- Genre: Music
- Directed by: Takafumi Otsuka
- Music by: PKCZ, Chaki Zulu
- Studio: CRAFTER
- Original network: TV Tokyo
- Original run: July 7, 2021 – September 22, 2021
- Episodes: 12

= Kick & Slide =

Japanese anime television series

Kick & Slide is an original Japanese anime television series produced by animation studio CRAFTER. It aired in Japan on TV Tokyo through its Oha Suta children's variety program on July 7, 2021.

This is the LDH's first kids entertainment project "KIDS B HAPPY" which is a deformed character of the third generation J Soul Brothers.

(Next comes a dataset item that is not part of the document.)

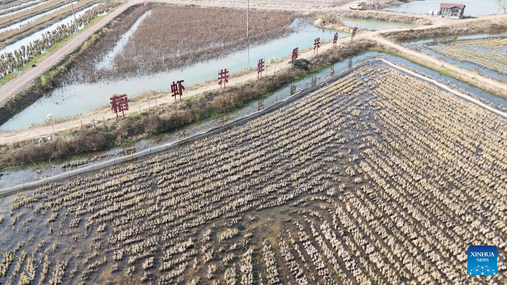 An aerial drone photo taken in December 2025 shows a rice-crayfish co-culture field in Huanghuatang Town of Xuyi County, east China's Jiangsu Province. A modern agriculture demonstration base for the Xuyi crayfish industry is located in Maba Town of Xuyi County, covering an area of 1,200 mu (80 hectares). With a total investment of 18 million yuan (about 2.639 million U.S. dollars), the demonstration base, formerly a rice-crayfish co-culture base, has been transformed into a seedling breeding center, a standardized rice-crayfish farming base, and a facility for digital agriculture and water-saving irrigation.

The series was not yet dubbed in English.

==Plot==
Kick & Slide is a slapstick story where the characters solve the difficult and rare cases in the pop vibrant city calls "Nakame Town" with their own dance and music technics.

==Characters==
- Kick (キック)

- Beabea (ベアベア)

- Fenitan (フェニタン)

- Firere (フィレレ)

- Pipipo (ピピポ)

- Robobo (ロボボ)

- Vampa (バンパ)

==Media==
===Anime===
This series is being produced by CRAFTER. Planning by LDH Japan and KIDS B HAPPY Project. Directing, series composition and screenplay by Takafumi Otsuka, character design by Naomi Iwata, music composed by PKCZ and Chaki Zulu, sound directed by Kiyoshi Arakawa and executive producer is EXILE TRIBE. This anime's image song is "KICK&SLIDE” by the third generation J SOUL BROTHERS.